#### Supplied data
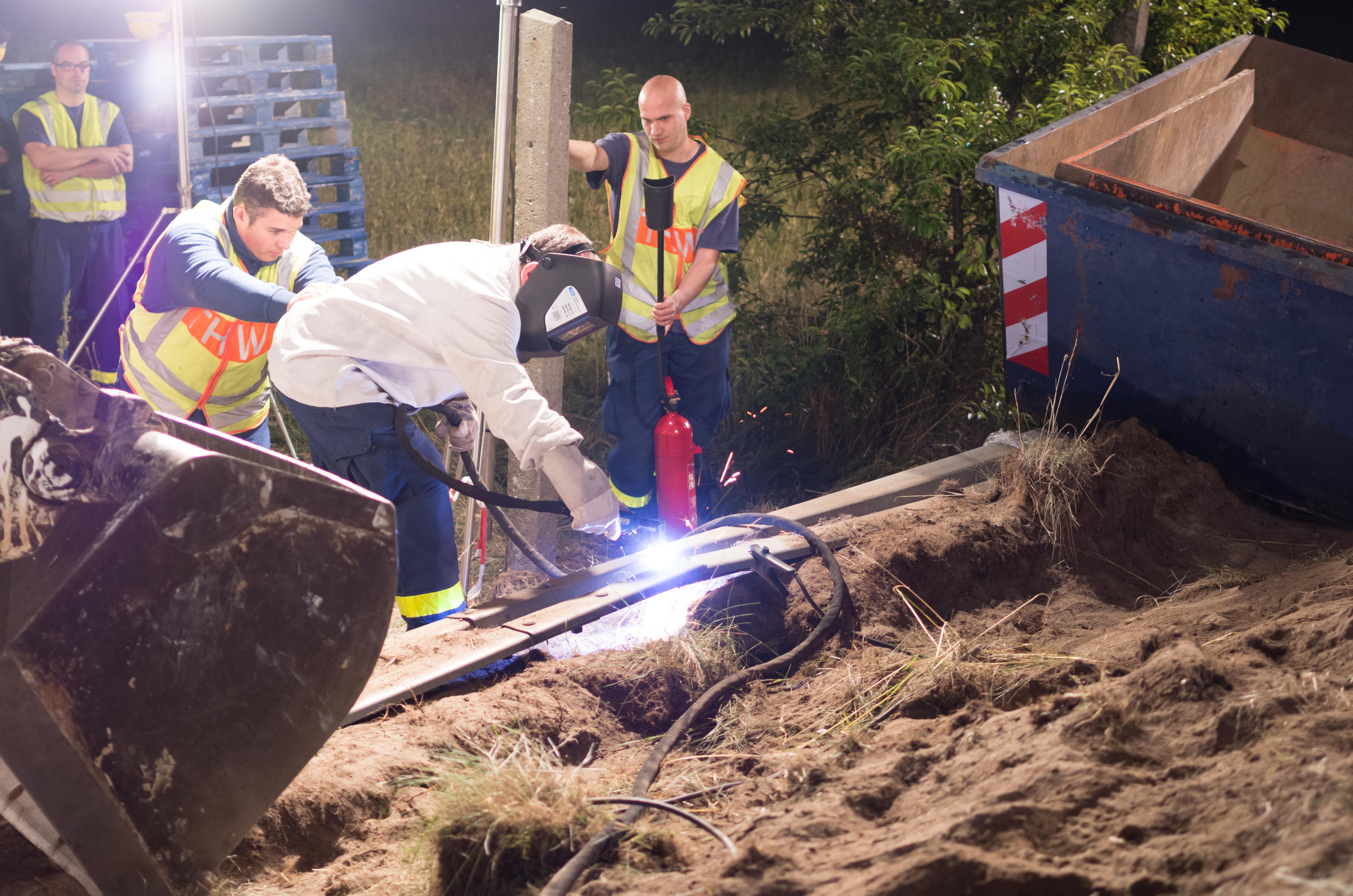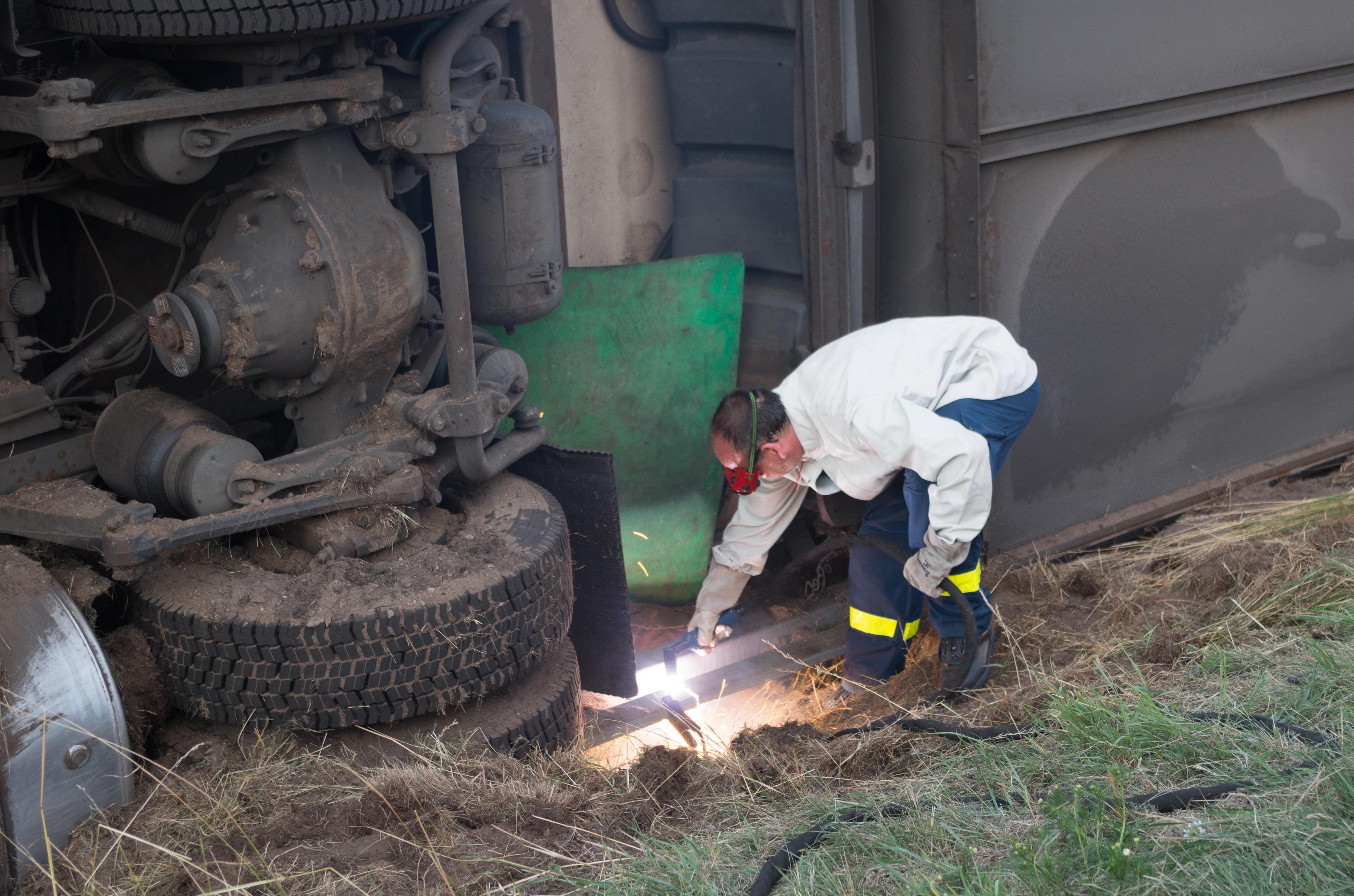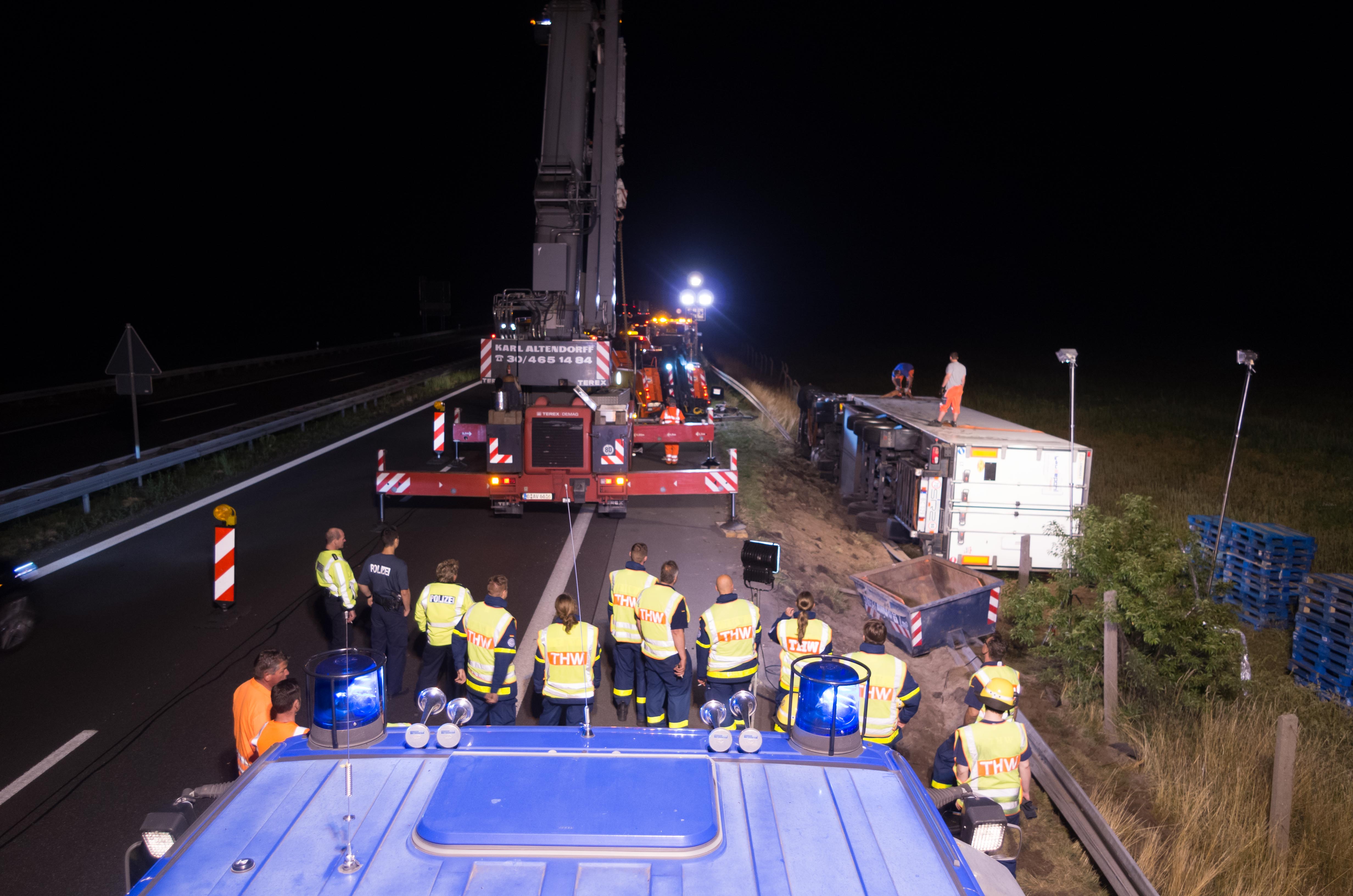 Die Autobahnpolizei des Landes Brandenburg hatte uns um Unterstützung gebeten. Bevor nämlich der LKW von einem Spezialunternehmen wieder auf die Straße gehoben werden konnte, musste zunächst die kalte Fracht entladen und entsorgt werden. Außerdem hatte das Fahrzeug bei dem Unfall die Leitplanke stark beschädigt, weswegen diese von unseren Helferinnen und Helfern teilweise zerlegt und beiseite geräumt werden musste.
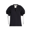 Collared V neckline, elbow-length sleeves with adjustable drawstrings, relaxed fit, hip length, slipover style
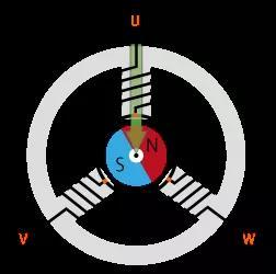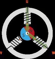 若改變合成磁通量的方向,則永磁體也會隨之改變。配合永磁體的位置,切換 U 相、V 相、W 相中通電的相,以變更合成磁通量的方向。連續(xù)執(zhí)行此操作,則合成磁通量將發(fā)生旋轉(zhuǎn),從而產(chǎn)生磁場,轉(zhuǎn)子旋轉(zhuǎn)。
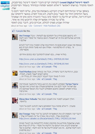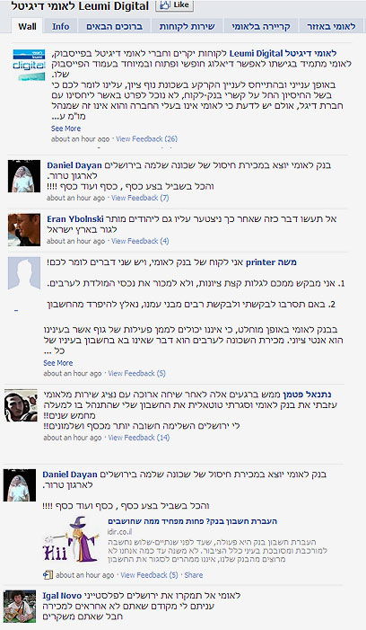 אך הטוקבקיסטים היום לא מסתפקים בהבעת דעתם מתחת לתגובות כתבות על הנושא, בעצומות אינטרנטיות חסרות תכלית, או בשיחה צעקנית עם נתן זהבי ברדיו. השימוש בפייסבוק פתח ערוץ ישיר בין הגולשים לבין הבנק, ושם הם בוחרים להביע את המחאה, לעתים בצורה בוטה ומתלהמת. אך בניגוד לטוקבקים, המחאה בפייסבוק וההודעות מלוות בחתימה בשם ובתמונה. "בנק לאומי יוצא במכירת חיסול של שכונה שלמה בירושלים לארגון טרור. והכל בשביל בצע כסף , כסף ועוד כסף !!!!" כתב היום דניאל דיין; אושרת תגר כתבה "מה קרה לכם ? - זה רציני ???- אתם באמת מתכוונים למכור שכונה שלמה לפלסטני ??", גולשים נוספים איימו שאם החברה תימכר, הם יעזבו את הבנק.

#### What you will do
Restate word for word each line from the top of the listing down to and including the line that holds "若改變合成磁通量的方向,則永磁體也會隨之改變。配合永磁體的位置,切換 U 相、V". Drop any pictures.

#### Answer to this problem
 Die Autobahnpolizei des Landes Brandenburg hatte uns um Unterstützung gebeten. Bevor nämlich der LKW von einem Spezialunternehmen wieder auf die Straße gehoben werden konnte, musste zunächst die kalte Fracht entladen und entsorgt werden. Außerdem hatte das Fahrzeug bei dem Unfall die Leitplanke stark beschädigt, weswegen diese von unseren Helferinnen und Helfern teilweise zerlegt und beiseite geräumt werden musste.
 Collared V neckline, elbow-length sleeves with adjustable drawstrings, relaxed fit, hip length, slipover style
 若改變合成磁通量的方向,則永磁體也會隨之改變。配合永磁體的位置,切換 U 相、V 相、W 相中通電的相,以變更合成磁通量的方向。連續(xù)執(zhí)行此操作,則合成磁通量將發(fā)生旋轉(zhuǎn),從而產(chǎn)生磁場,轉(zhuǎn)子旋轉(zhuǎn)。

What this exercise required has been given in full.